━━ Input data
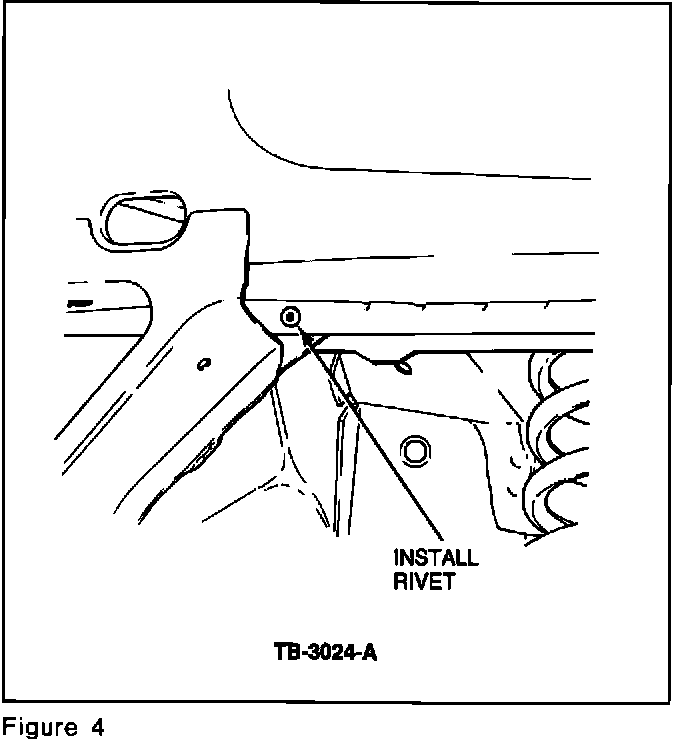 b. Drill a 1/4" (6.35 mm) hole where the three (3) thicknesses of sheet metal come together, Figure 4.
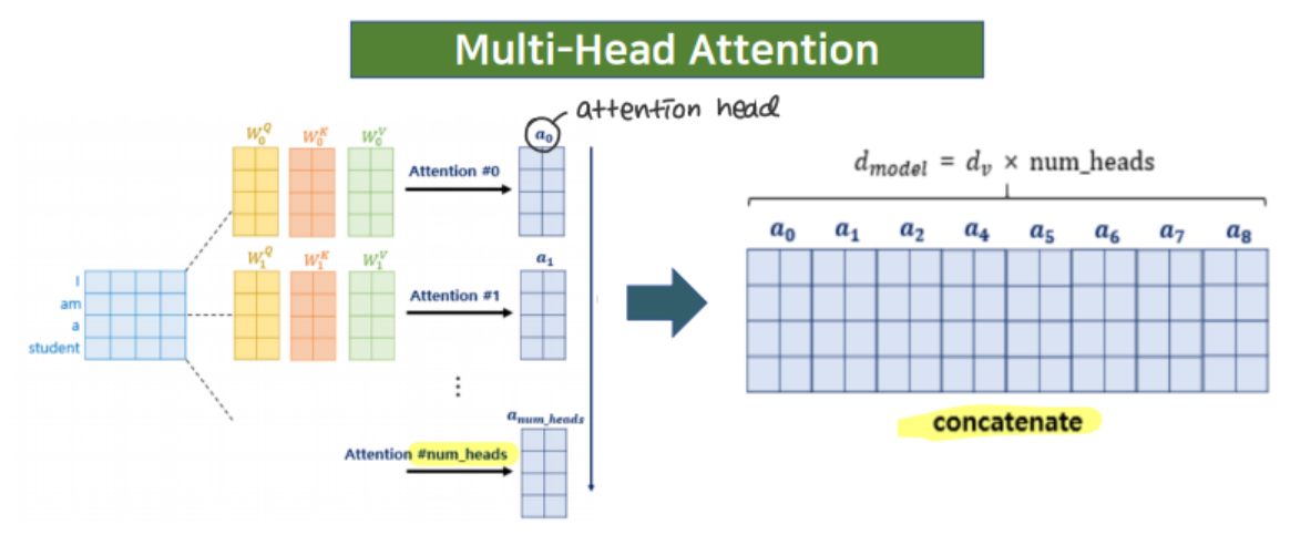 num_heads 만큼 병렬처리를 진행한 다음, 도출된 attention head를 concat해서 최종 attention value를 만든다
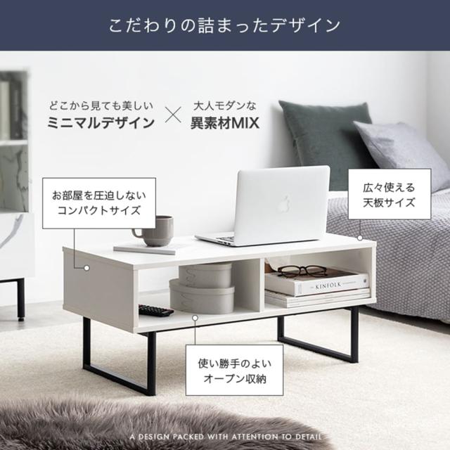 また、センターテーブルとしても十分な広さを持ち、雑誌やリモコン、小物類をすっきり収納できます。
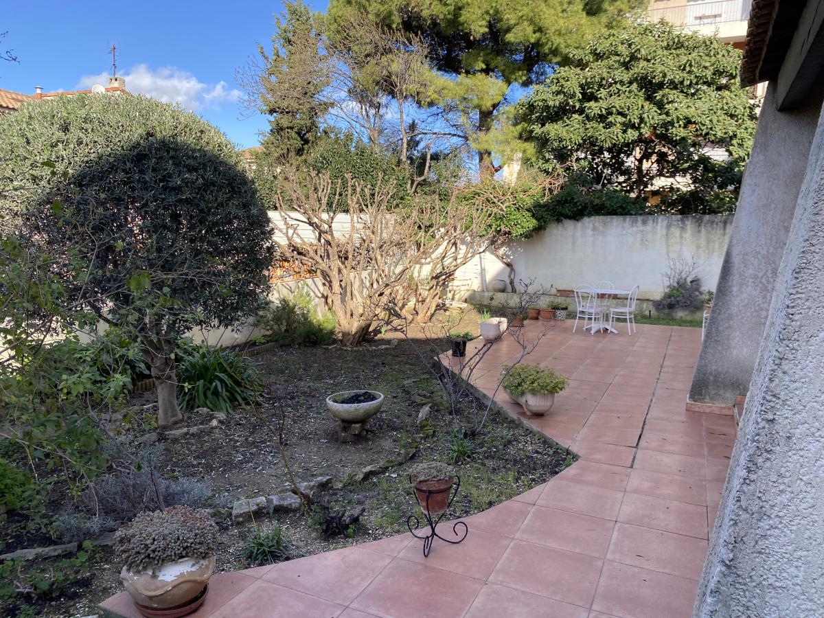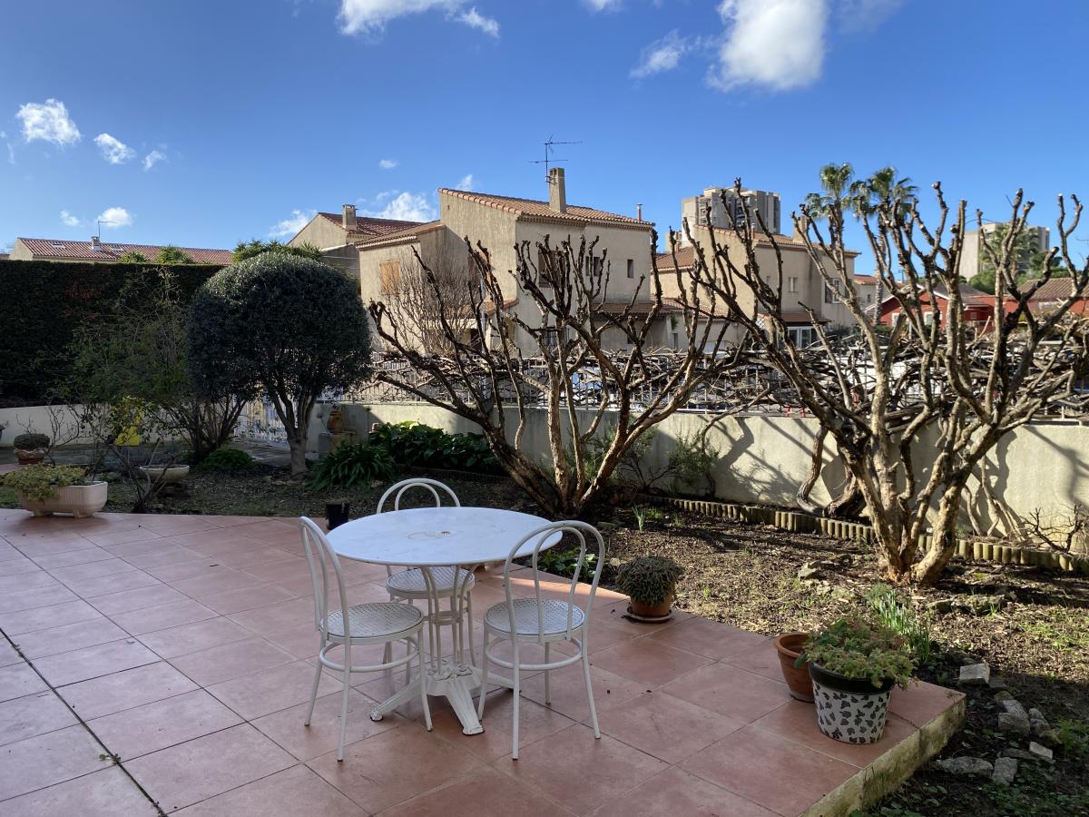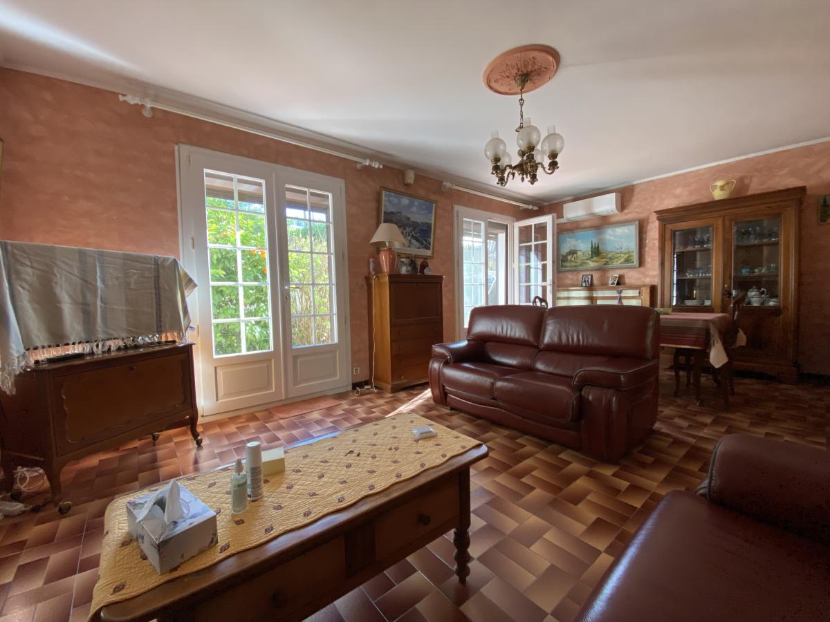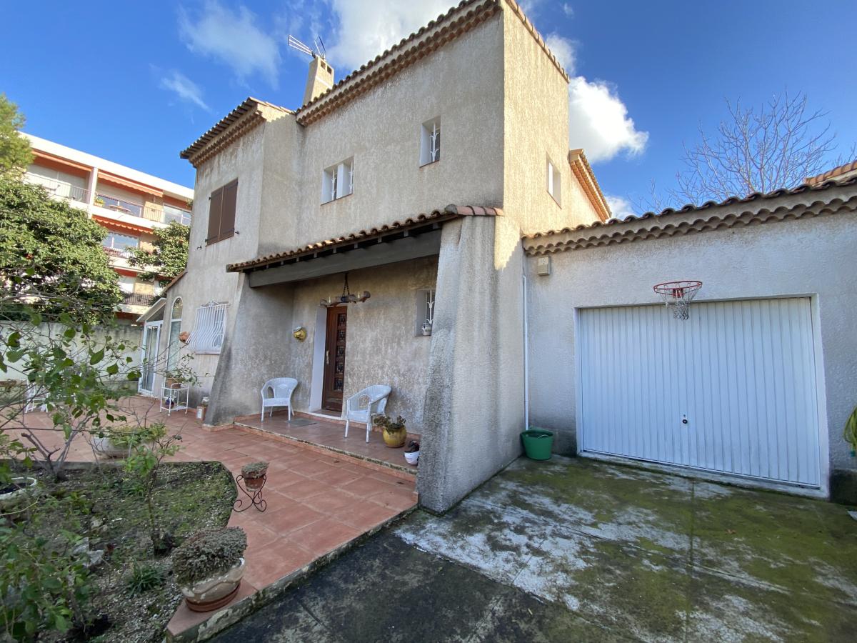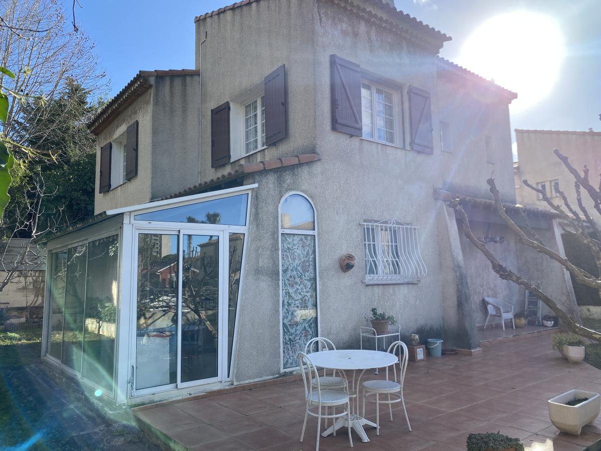 253, rue Pierre Doize 13010 Marseille - Villa T4, 120 m² environ, composé au rez-de-chaussée d'une entrée avec rangements, salon / salle à manger climatisés ouvrant sur jardin, cuisine séparée avec accès véranda, toilettes ; à l'étage, dégagement avec rangements, toilettes, salle de bains avec rangements, trois chambres dont une avec cabinet de toilettes. Au sein d'un petit lotissement clos, sur une parcelle de 397 m², avec garage, ce bien mérite une mise au gout du jour.
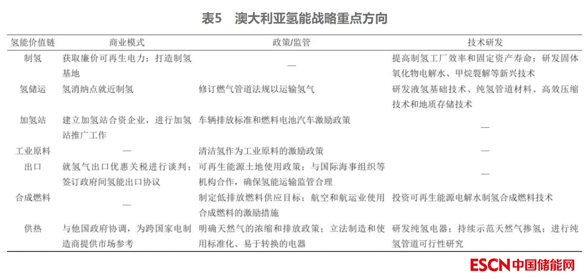 在全球氫能發(fā)展熱潮之下,澳大利亞將自身定位為清潔氫能供應(yīng)者角色,積極擴(kuò)展氫能海外供應(yīng)合作,并與相關(guān)國家和企業(yè)開展技術(shù)合作,力爭搶占?xì)淠芄?yīng)鏈上游,鞏固全球能源貿(mào)易大國地位。2019年澳大利亞政府發(fā)布了《國家氫能戰(zhàn)略》,確定了15大發(fā)展目標(biāo)、57項(xiàng)聯(lián)合行動(dòng),力爭到2030年成為全球氫能產(chǎn)業(yè)的主要參與者,2050年綠氫產(chǎn)能達(dá)到3000萬噸/年。澳大利亞既積極發(fā)展可再生能源電解水制氫,也推進(jìn)化石能源耦合CCS(碳捕捉與封存)制氫產(chǎn)業(yè)發(fā)展。澳大利亞各州也積極跟進(jìn),昆士蘭、南澳大利亞、維多利亞等州出臺(tái)了針對(duì)轄區(qū)內(nèi)的氫能發(fā)展專項(xiàng)規(guī)劃。
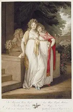 The double engagement was celebrated in Darmstadt on 24 April 1793, only a few weeks after the sisters fortuitously met their future father-in-law at the theatre. On 24 December, Duchess Louise and Crown Prince Frederick William were married in the Royal Palace of Berlin; two days later, on 26 December, Duchess Frederica and Prince Louis were also married at the same venue.[1]
━━━━
● **Exercise objective**: The first line of the entries, the line containing "また、センターテーブルとして", and every line between them are to be output exactly; pictures are not.

● **Response to the exercise**:
 b. Drill a 1/4" (6.35 mm) hole where the three (3) thicknesses of sheet metal come together, Figure 4.
 num_heads 만큼 병렬처리를 진행한 다음, 도출된 attention head를 concat해서 최종 attention value를 만든다
 また、センターテーブルとしても十分な広さを持ち、雑誌やリモコン、小物類をすっきり収納できます。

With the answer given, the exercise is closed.